The first route was delivered to the public in mid-October and cyclically connects the abandoned ancient city of Aptera, the Byzantine churches in the region’s semi-mountainous areas and the Kiliaris valley with the Itzedin fortress, one of the major defensive structures built by the Ottomans at the port of Souda. Bazin hiked along all twelve trails.
 
“The footpaths were mostly at low and medium altitudes. Some are difficult and challenging, since they are not yet complete, while others are more physically demanding for hikers. Overall, the network is exceptionally interesting, and it also boasts a variety of trails for families,” says 44-year-old Bazin.
The Apokoronas network offers rich images to visitors: landscapes with contrasts in the heights of the Lefka Ori (the “White Mountains”), passages through villages teeming with cypress trees such as Vafes, Tzitzifies and Fres, unique fairytale-like forests by the sea, lakes, historical landmarks and sites of remembrance and religious interest from the Venetian and Ottoman periods around Vamos, the historic capital of the region, as well as the area of Apokoronas that is well known for its agro-tourism. “This variety is deeply enjoyable, as every day I would discover a new aspect of Apokoronas,” he adds.
Cretan contradictions
The trails of Apokoronas are added to a series of hiking routes on Crete, such as those in the Samaria gorge (which according to Bazin is beautiful, but only showcases one aspect of the island’s natural beauty), and the 77 sections of the E4 European hiking trail that begins in Kastelli Kissamou, traverses all of the island’s regional units, and terminates in Kato Zakros in Lasithi.
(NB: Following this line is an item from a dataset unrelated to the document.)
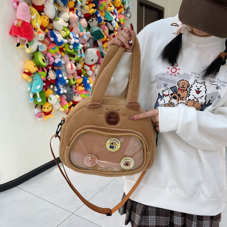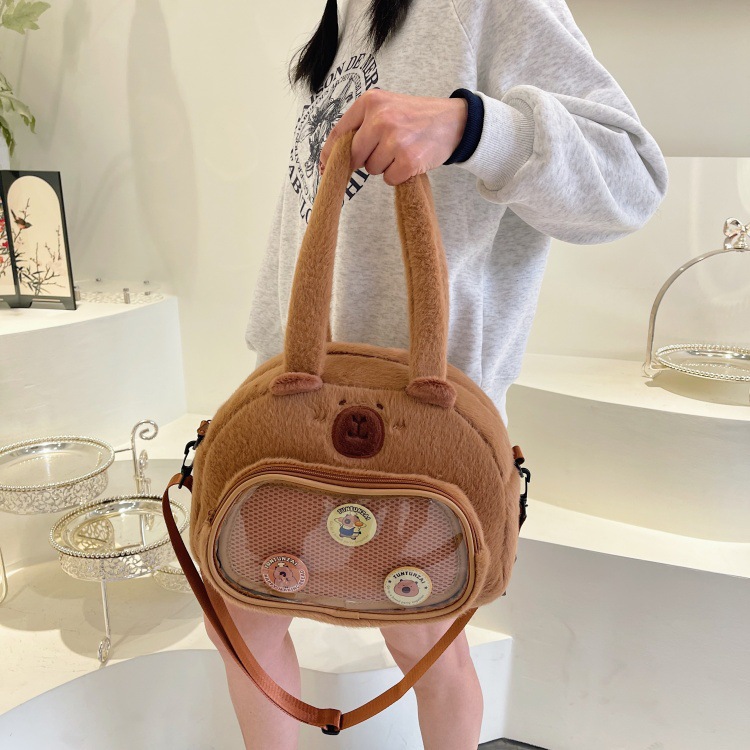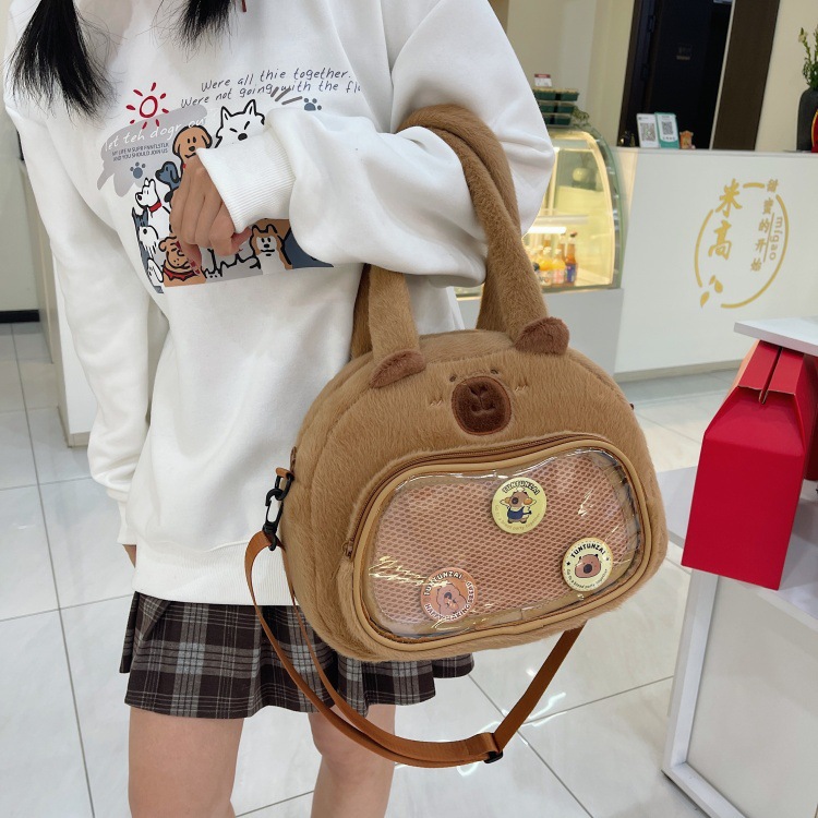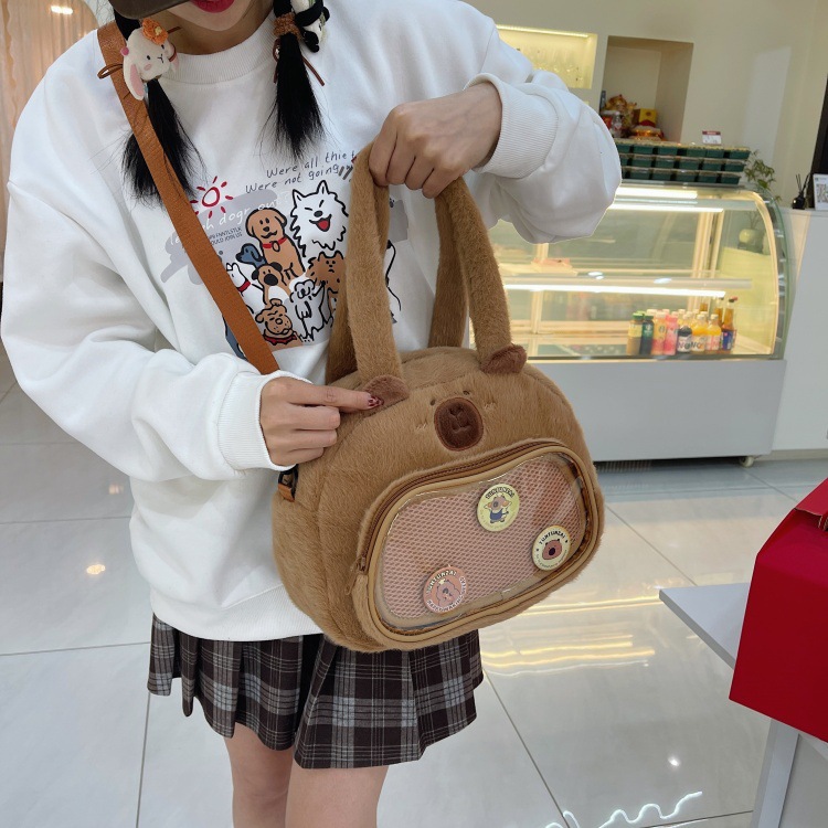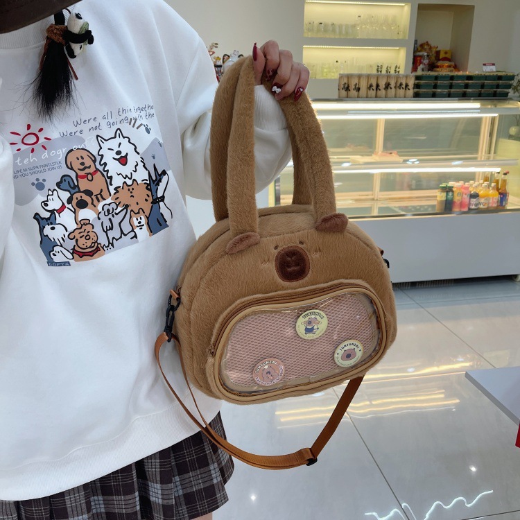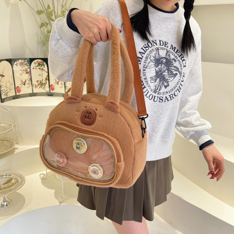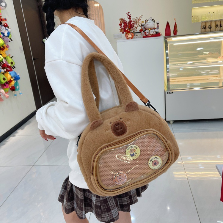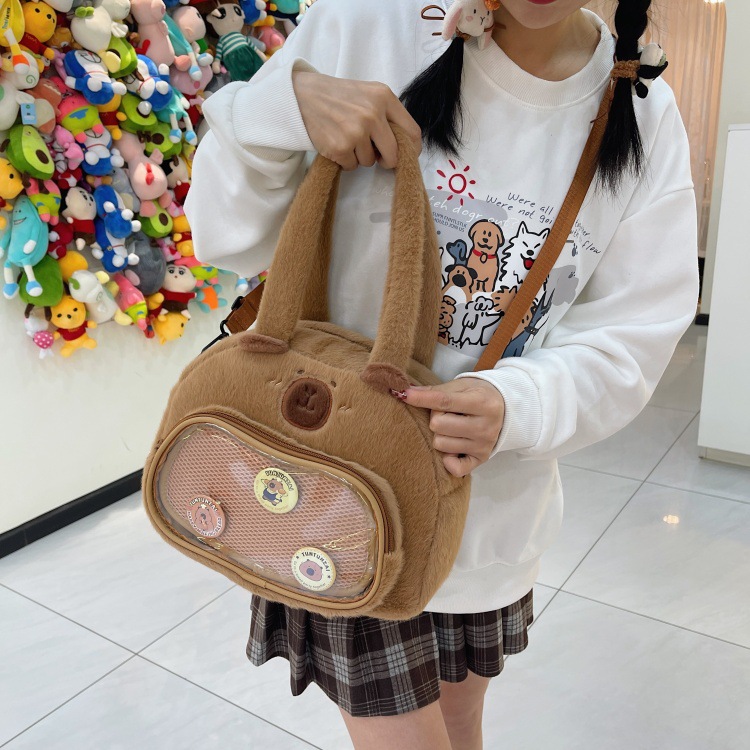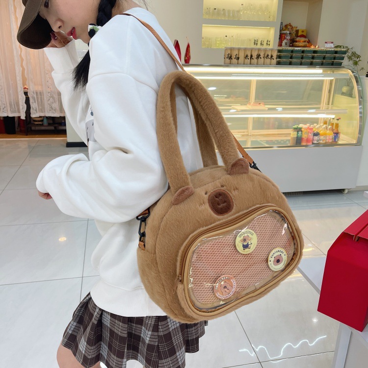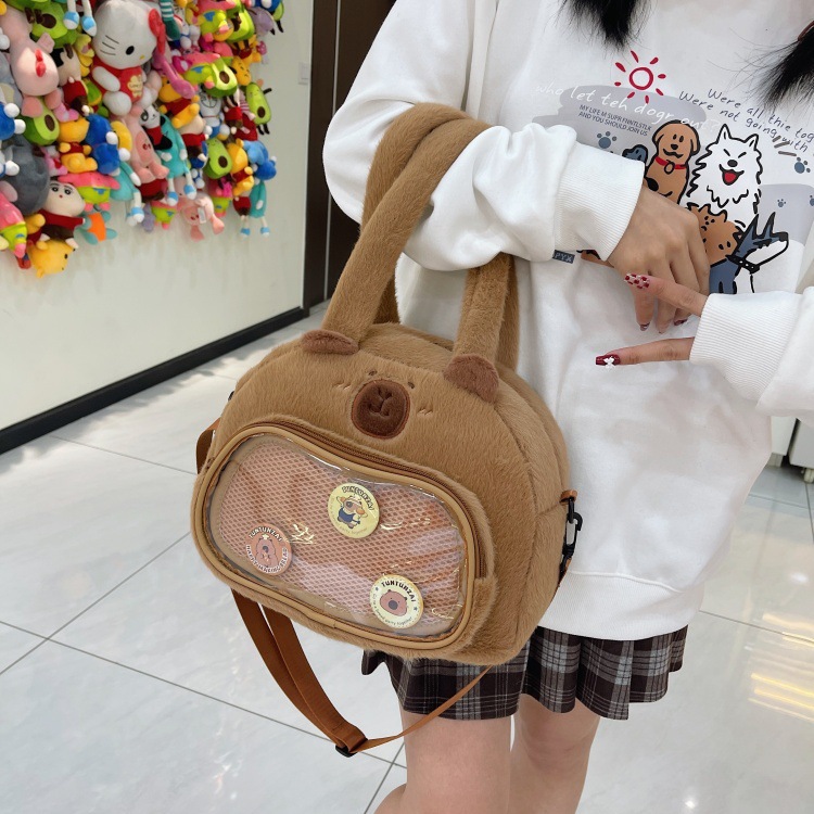 かわいいカピバラのぬいぐるみショルダーバッグ、漫画風のかわいいカピバラの巾着バッグ

The comparative advantage of the new network, according to the French journalist, is the fact that it connects the region’s villages with the surrounding natural environment. “In France, this type of trail has been around for the last 30 years. Hiking is hugely popular and I am excited to share my experience on Crete with the French public, who I am sure will be very interested in them.”
 
What was it about Apokoronas that won him over? “I got the feeling of experiencing a genuine and profound ‘agricultural exploration,’ meaning that I discovered small villages, nature and mountains where I would encounter just sheep and dogs. I was surprised by the intense contrasts I saw in the Cretan countryside. On the one hand, I would see old houses that have been restored, next to structures in ruins. On the other hand, I would see modern houses with an ugly aesthetic or even rubbish next to gardens, or old wells. It reminded me of certain parts of southern Italy, but I soon realized that these contrasts are an integral part of Crete’s charm. The network of hiking trails gave me a glimpse into the reality of life and nature, in all its forms, even when there are contradictions.”